The final bow: Seniors perform at the BFA Actor Showcase
Photo Courtesy of Castor Feinberg
After four years of training, the senior actors of the Dodge College of Film and Media Arts and the College of Performing Arts have made their first steps into the professional world.
The BFA Actor Showcase happens every spring, at which graduating seniors perform a monologue and a scene first in front of friends and family, and then in front of industry professionals, with the intention of being signed to an agent by the end of the event.
Mae Montgomery, a senior theater performance major, said the BFA actor showcase was something she was looking forward to before she began attending Chapman.
“It was a full circle moment for a lot of us; I know that one of the big reasons I chose to attend Chapman was because of the promise of a showcase at the end,” said Montgomery. “I remember watching the showcase my freshman year, wondering how I was going to be able to do that.”
The Panther spoke with four actors about their experience as seniors at the yearly showcase and the work that they performed.

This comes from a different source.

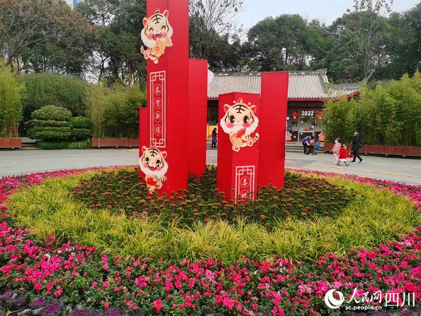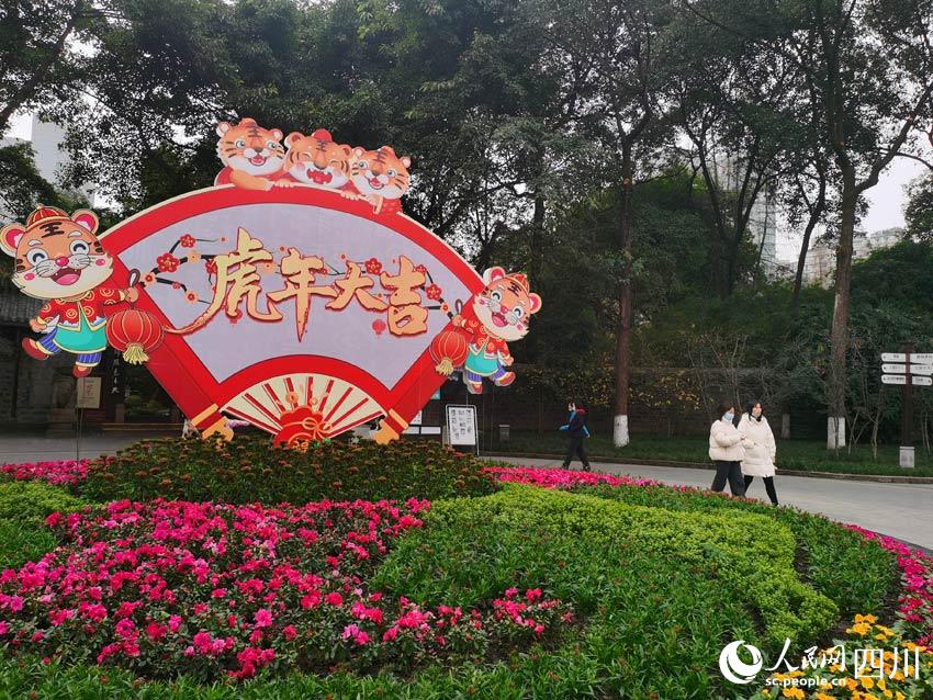 園內的幾處空地上,布置了幾個花壇。上邊除了吉祥的紅黃色彩,還有可愛的動漫形象老虎圖案?!盎⒛昙椤薄敖鸹⒂骸薄靶履昕鞓愤^年好”……各種好彩頭的詞語,標示出歡度春節(jié)的主題,看了讓人精神為之一振。

“We all wrote our own material based on what we wanted to showcase to the industry,” said senior screen acting major Castor Feinberg. “So we've been working on that; starting last semester, we kind of all nailed down what we were going to do.”
Feinberg’s performance took many different paths before she solidified it and presented it to the world. She said she had a few scenes that she liked when she started writing, but as she kept editing, the final product was completely different than when she started
“My scene is kind of like a coming-of-age love, kind of two old friends reminiscing about their childhood, and then they both have feelings for each other,” said Feinberg. “My monologue was about having a hard time breaking up with someone I've been with for two years, who's treated me really badly, but I was afraid to leave him. So this was kind of, like, my breaking up with him.”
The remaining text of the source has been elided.